Het PPC Vught is een afdeling met een individueel regime als bedoeld in artikel 22 van de Pbw. In de Memorie van Toelichting bij dit artikel heeft de wetgever bepaald dat het kenmerk van het individuele regime is dat eventueel per dag kan worden
bepaald
of en in welke mate een gedetineerde aan gemeenschappelijke activiteiten kan deelnemen. Uit de wettelijke bepaling en de toelichting hierop volgt dat het de bedoeling is de directeur in de gelegenheid te stellen maatwerk toe te passen bij de invulling
van het concrete regime voor een gedetineerde in een individueel regime, met name voor wat betreft diens deelname aan gemeenschappelijke activiteiten. Hierbij kan voor zover dat mogelijk en verantwoord is aansluiting worden gezocht bij het regime van
beperkte gemeenschap. Tussen het regime van beperkte gemeenschap en het individuele regime bestaat echter geen dwingende koppeling. De wettelijke eisen die artikel 3, derde lid, Pm stelt aan het aanbieden van activiteiten en bezoek in een regime van
beperkte gemeenschap gelden dan ook niet voor een individueel regime. Gezien het vooroverwogene zal het beroep ongegrond worden verklaard en zal de uitspraak van de beklagrechter worden bevestigd met aanvulling van de gronden.

b.2.
De beklagrechter is niet inhoudelijk ingegaan op dit onderdeel van het beklag. De beroepscommissie zal om proceseconomische redenen dit onderdeel van de klacht in enige en hoogste instantie afdoen. Uit het klaagschrift valt op te maken dat klager
nauwkeurig per dag heeft bijgehouden hoe laat het dagprogramma in de betreffende periode is aangevangen. Gelet hierop en nu de directeur het gestelde niet heeft weersproken, acht de beroepscommissie voldoende aannemelijk geworden dat het dagprogramma
in
de periode van 2 april 2016 tot en met 8 april 2016 te laat is aangevangen. Het beklag zal gegrond worden verklaard. Nu de rechtsgevolgen van de bestreden beslissing niet meer ongedaan zijn te maken, komt klager een tegemoetkoming toe. De
beroepscommissie zal de tegemoetkoming vaststellen op € 5,=.

4. De uitspraak
De beroepscommissie verklaart het beroep onder a. en b.1. ongegrond en bevestigt de uitspraak van de beklagrechter met aanvulling van de gronden.

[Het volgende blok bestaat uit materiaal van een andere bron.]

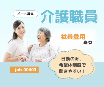 | 求める人材 | ・64歳以下(定年65歳のため) ・介護業務経験者歓迎(通所リハビリテーション、通所介護あれば尚可) 【資格】 ホームヘルパー1、2級 普通自動車運転免許 あれば尚可(AT限定可) |

De beroepscommissie verklaart het beklag onder b.2. alsnog gegrond. Zij bepaalt dat aan klager een tegemoetkoming toekomt van € 5,=.

Aldus gegeven door de beroepscommissie voornoemd, bestaande uit mr. J.A.M. de Wit, voorzitter, mr. A. van Holten en J. Schagen MA, leden, in tegenwoordigheid van
mr. L.S. Rietdijk, secretaris, op 9 november 2016.